The U.S. House of Representatives passed a bill that could ban TikTok if its Chinese owner, ByteDance, doesn’t sell the app within six months.

So why are people alleging that it’s soon going to be completely defunct? If Chinese owner refuses to sell, that would effectively cause a ban.

Behind the Scenes of the Bill

Two members of the House of Representatives, Mike Gallagher (R-WI) and Raja Krishnamoorthi (D-IL), introduced “Protecting Americans from Foreign Adversary Controlled Applications Act” because TikTok is currently owned by Chinese tech giant, ByteDance. It passed the House 352 to 65 and is now off to the Senate.

Representatives on both sides of the aisle came together on this issue under the contention of being hard on foreign affairs. The bipartisan support is also due, in part, to fear of what content is being pushed to TikTok users based on “the algorithm.”

Some people, however, argue the bill is more about control than security. They say it sets a precedent for the government to ban other foreign-owned apps, potentially limiting internet freedom.

Behind the Accusations of Data Leakage

On the surface, the law makes sense; it can be dangerous to have intimate user data (and user tracking) controlled by a somebody else. Nor is the U.S. the first country to outlaw the app; India did it in 2020, citing the same security concerns. In England, Australia, New Zealand, the E.U. and France; TikTok is not allowed on any official government devices. The same is true for many American states, and the military.

Some critics of this bill, however, worry about censorship under this law, particularly because of the precedent it would set.

Others are concerned about what social media to use next; and where they’re going to find new music and shows and books to consume without their favorite creators feeding it to them. Influencers on the Creator’s Fund are worried about their income source, too. Still others simply prefer not to spend more time (and give more money) to Mark Zuckerberg, who owns Meta and therefore several popular social media platforms that would likely replace TikTok in people’s lives—and on their phones. That means giving more data to Meta, too.

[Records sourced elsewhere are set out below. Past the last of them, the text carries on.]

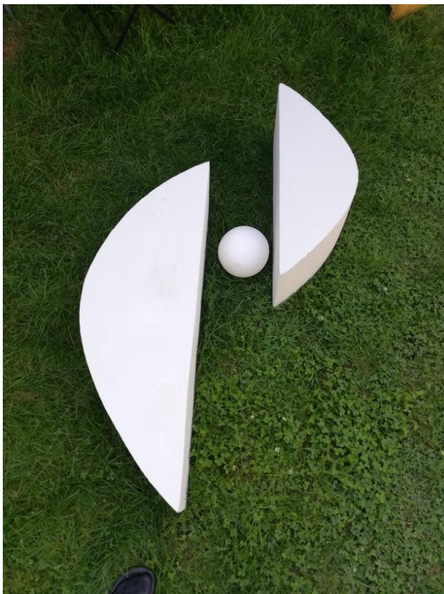
Slika 14: Tri elementa skulpture
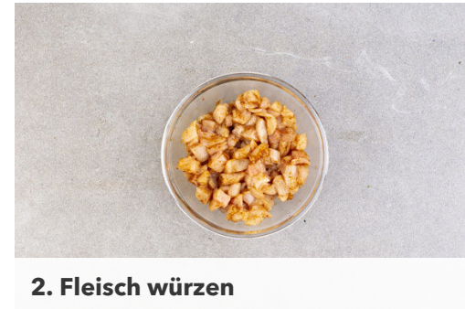
2. Fleisch würzen

Die gehackten Tomaten und die Bohnen samt Flüssigkeit unterrühren und den Eintopf 8-10Min. sanft köcheln lassen.
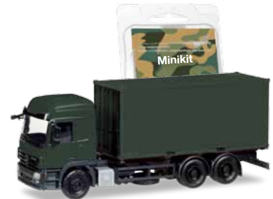
HO 1/87 26,95 € 18,95 €

Overall, though, opponents are mostly focused on their freedom of speech and association, which is protected under the First Amendment. They are also worried that this will set a precedent for the American government to pick and choose what we can do online, leading to more and more internet censorship—potentially, ultimately even only allowing government-approved content.


Proponents of the bill argue that the law would simply hold China to the same standards the U.S. faces, and that China itself restricts access to many foreign websites. Nevertheless, there are valid concerns therein about both national security and government overreach.

So what’s next for Americans’ data privacy rights? That’s up to the Senate.